--- Task objective ---
Your output should be the lines below from the one with "日本男團V6成員岡田准一和女星宮崎葵透過傳真,向大家公佈婚訊:「我們結婚了!」" through the one with "Visit Proof |", copied exactly, pictures excluded.

--- Source records ---

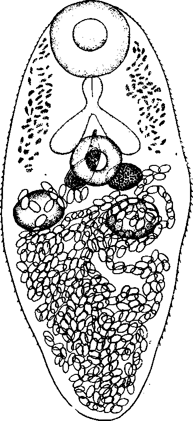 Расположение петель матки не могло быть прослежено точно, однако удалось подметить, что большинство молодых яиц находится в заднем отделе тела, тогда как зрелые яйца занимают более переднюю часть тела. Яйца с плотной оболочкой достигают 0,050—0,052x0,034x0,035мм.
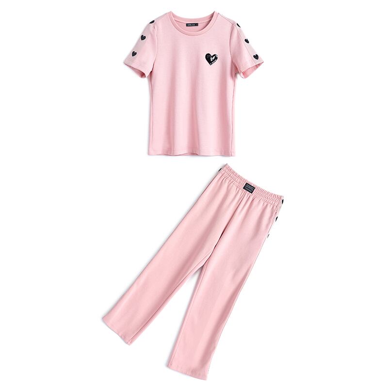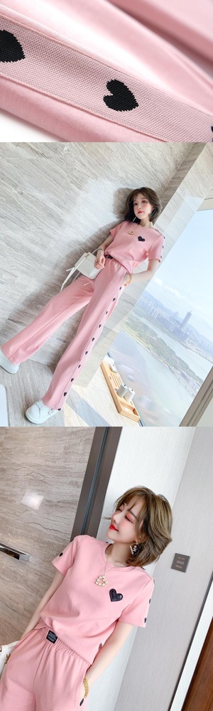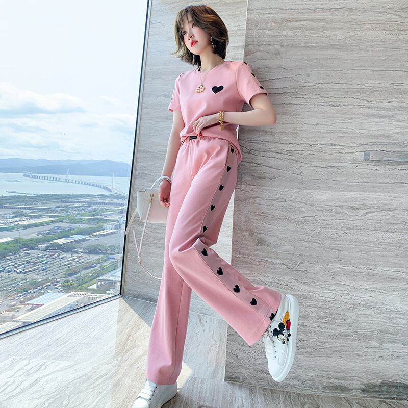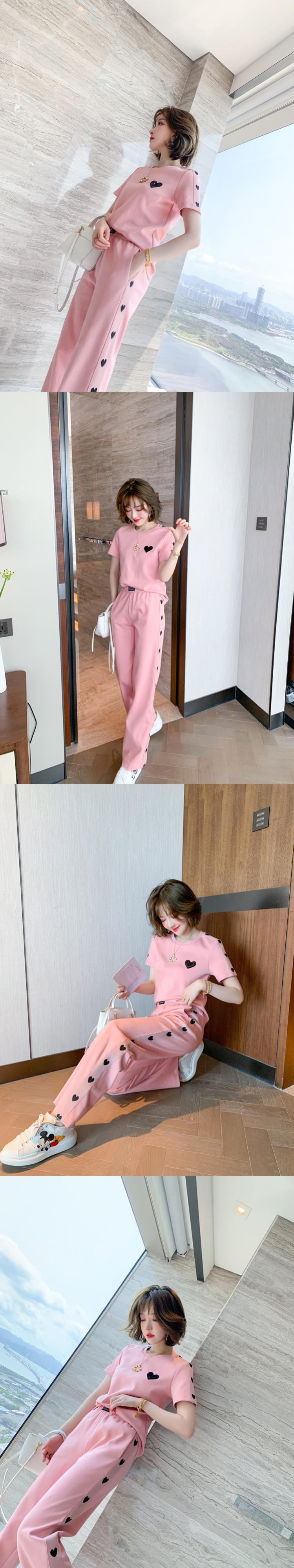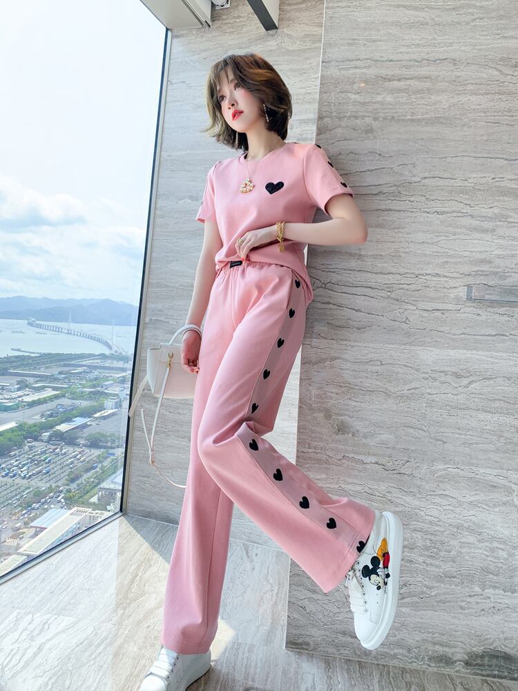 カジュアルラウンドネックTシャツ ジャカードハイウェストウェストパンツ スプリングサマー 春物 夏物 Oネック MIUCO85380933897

---

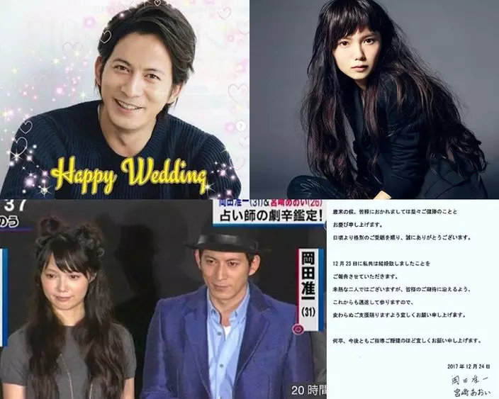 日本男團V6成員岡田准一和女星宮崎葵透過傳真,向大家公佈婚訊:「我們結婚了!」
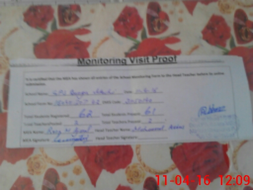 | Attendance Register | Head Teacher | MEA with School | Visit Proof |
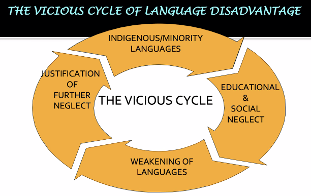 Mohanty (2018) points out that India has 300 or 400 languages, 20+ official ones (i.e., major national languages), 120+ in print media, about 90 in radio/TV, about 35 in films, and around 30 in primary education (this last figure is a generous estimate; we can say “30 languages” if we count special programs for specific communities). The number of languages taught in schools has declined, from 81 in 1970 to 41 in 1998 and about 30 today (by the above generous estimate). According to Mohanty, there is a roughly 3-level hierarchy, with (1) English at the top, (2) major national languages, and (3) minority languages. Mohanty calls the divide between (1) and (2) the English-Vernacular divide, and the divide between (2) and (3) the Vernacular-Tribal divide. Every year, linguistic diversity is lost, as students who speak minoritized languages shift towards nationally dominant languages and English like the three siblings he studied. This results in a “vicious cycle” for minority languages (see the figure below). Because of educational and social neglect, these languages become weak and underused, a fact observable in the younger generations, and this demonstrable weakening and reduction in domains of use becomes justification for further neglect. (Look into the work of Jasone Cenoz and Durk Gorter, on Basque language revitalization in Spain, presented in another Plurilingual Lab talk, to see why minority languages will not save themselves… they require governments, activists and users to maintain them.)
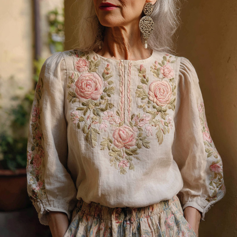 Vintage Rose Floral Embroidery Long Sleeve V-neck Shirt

--- Answer for this exercise ---
 日本男團V6成員岡田准一和女星宮崎葵透過傳真,向大家公佈婚訊:「我們結婚了!」
 | Attendance Register | Head Teacher | MEA with School | Visit Proof |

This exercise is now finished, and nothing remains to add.